── Data excerpts

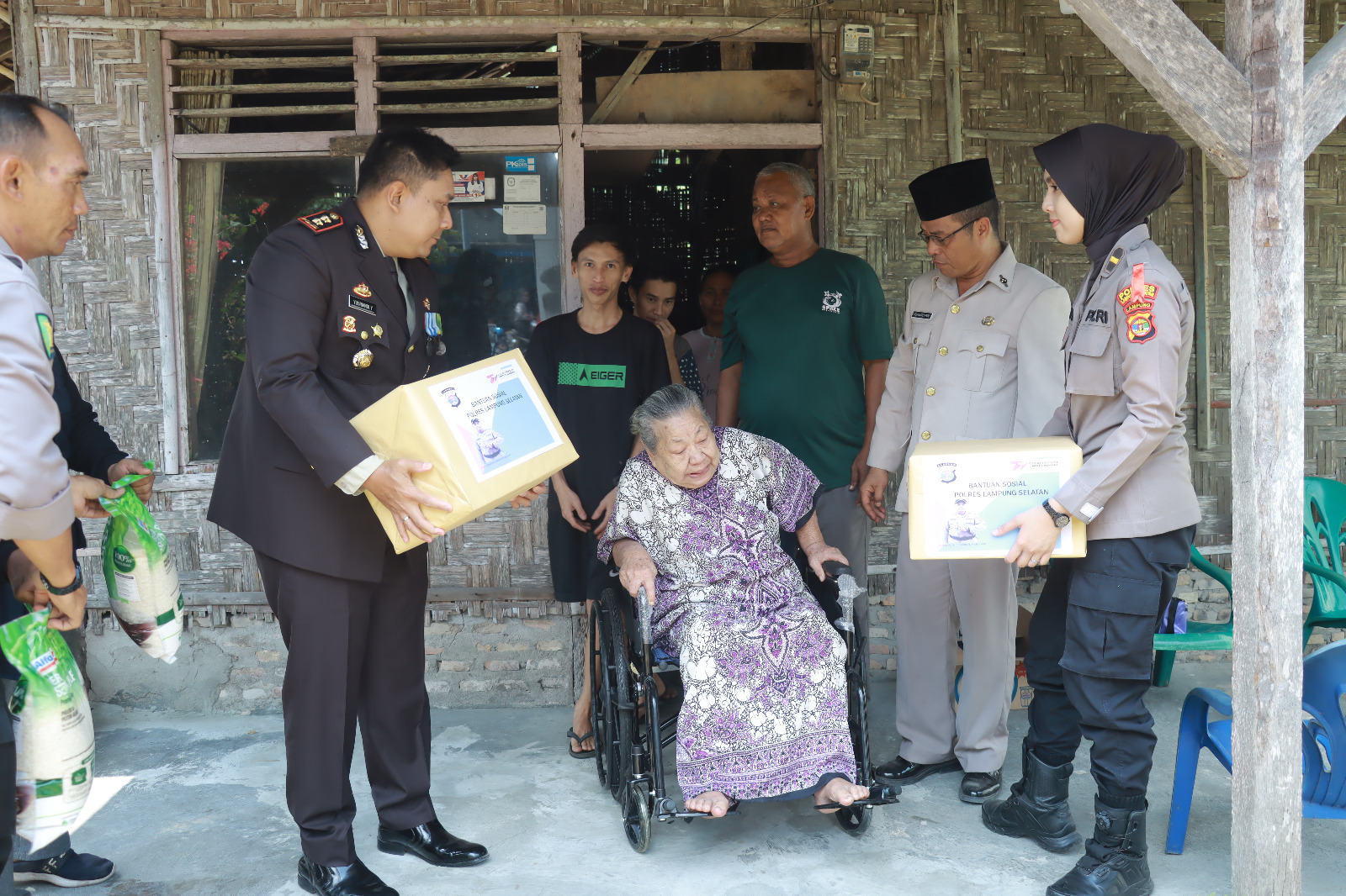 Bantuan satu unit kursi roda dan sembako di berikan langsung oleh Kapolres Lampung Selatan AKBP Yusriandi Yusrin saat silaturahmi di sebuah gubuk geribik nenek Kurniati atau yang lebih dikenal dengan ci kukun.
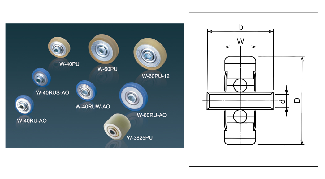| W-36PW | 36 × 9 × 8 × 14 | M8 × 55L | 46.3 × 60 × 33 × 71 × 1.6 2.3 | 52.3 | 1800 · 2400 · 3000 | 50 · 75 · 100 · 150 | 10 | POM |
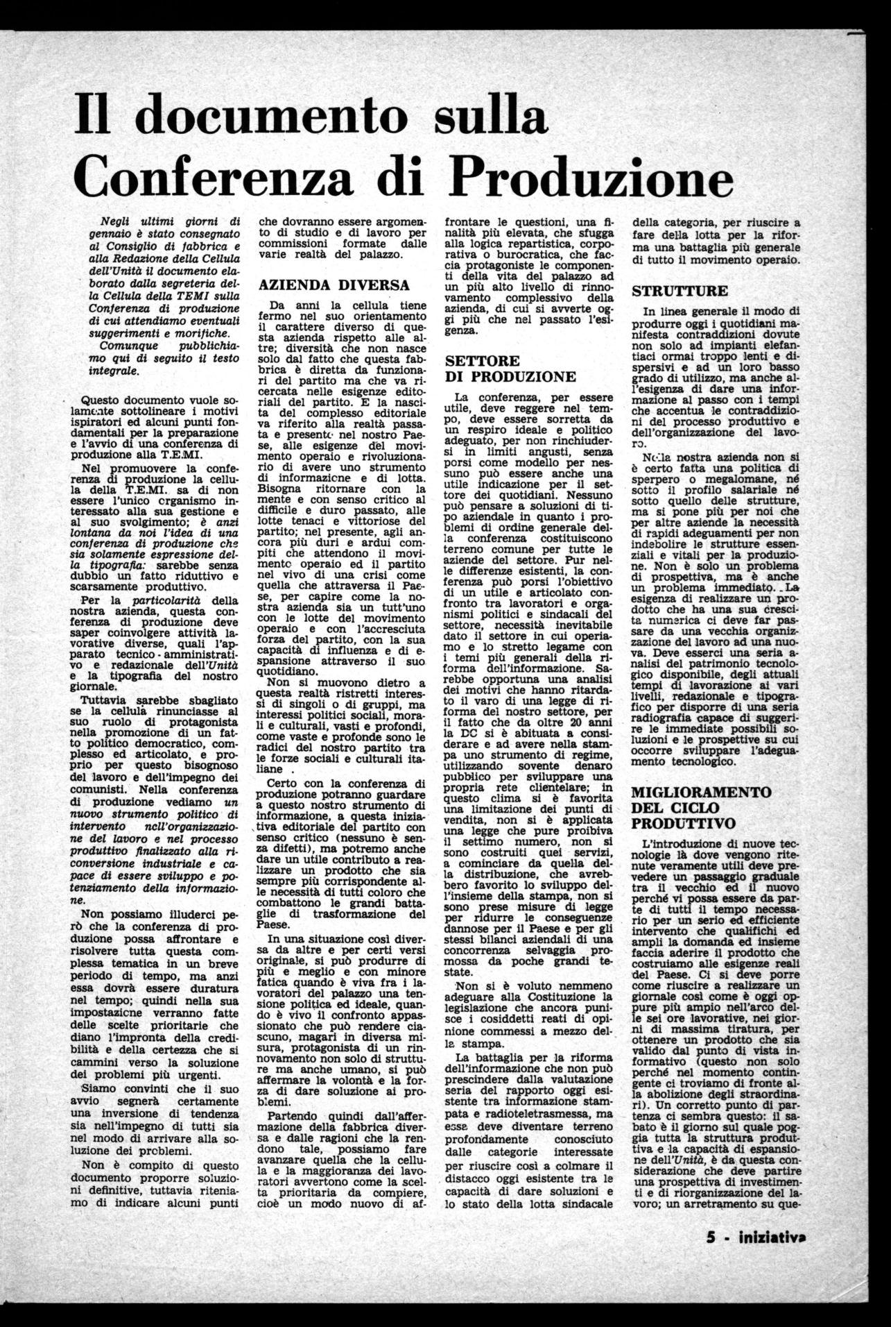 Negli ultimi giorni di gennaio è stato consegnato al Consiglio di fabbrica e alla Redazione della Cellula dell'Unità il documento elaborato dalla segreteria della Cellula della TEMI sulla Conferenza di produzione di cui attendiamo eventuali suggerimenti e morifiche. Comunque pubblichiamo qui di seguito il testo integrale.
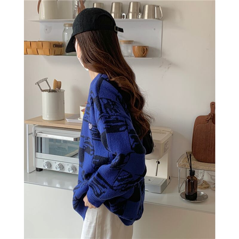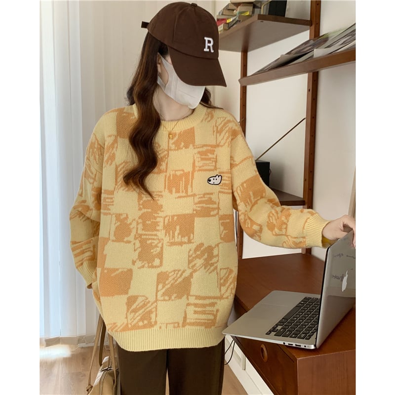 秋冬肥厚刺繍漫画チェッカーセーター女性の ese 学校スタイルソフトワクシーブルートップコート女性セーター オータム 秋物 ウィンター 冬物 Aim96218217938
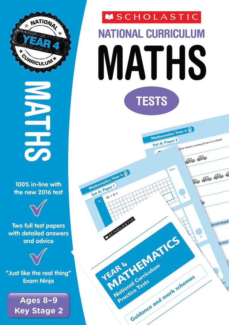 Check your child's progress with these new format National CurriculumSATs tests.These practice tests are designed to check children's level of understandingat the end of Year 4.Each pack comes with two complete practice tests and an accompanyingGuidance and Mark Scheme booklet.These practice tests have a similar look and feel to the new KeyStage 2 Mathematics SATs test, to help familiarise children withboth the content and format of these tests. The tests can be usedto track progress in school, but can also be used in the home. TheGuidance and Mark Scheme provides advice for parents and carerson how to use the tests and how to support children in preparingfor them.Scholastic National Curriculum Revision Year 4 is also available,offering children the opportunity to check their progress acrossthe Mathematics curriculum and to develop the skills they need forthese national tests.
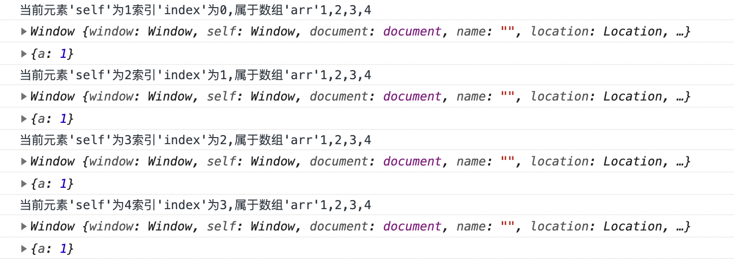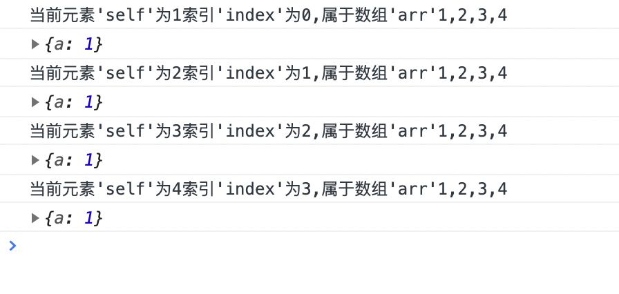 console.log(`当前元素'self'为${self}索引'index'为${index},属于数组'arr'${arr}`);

────

For this exercise, return exactly the lines above from the line with "150 | 10 | POM |" through the line with "Negli ultimi giorni", both included. Do not copy the pictures.

| W-36PW | 36 × 9 × 8 × 14 | M8 × 55L | 46.3 × 60 × 33 × 71 × 1.6 2.3 | 52.3 | 1800 · 2400 · 3000 | 50 · 75 · 100 · 150 | 10 | POM |
 Negli ultimi giorni di gennaio è stato consegnato al Consiglio di fabbrica e alla Redazione della Cellula dell'Unità il documento elaborato dalla segreteria della Cellula della TEMI sulla Conferenza di produzione di cui attendiamo eventuali suggerimenti e morifiche. Comunque pubblichiamo qui di seguito il testo integrale.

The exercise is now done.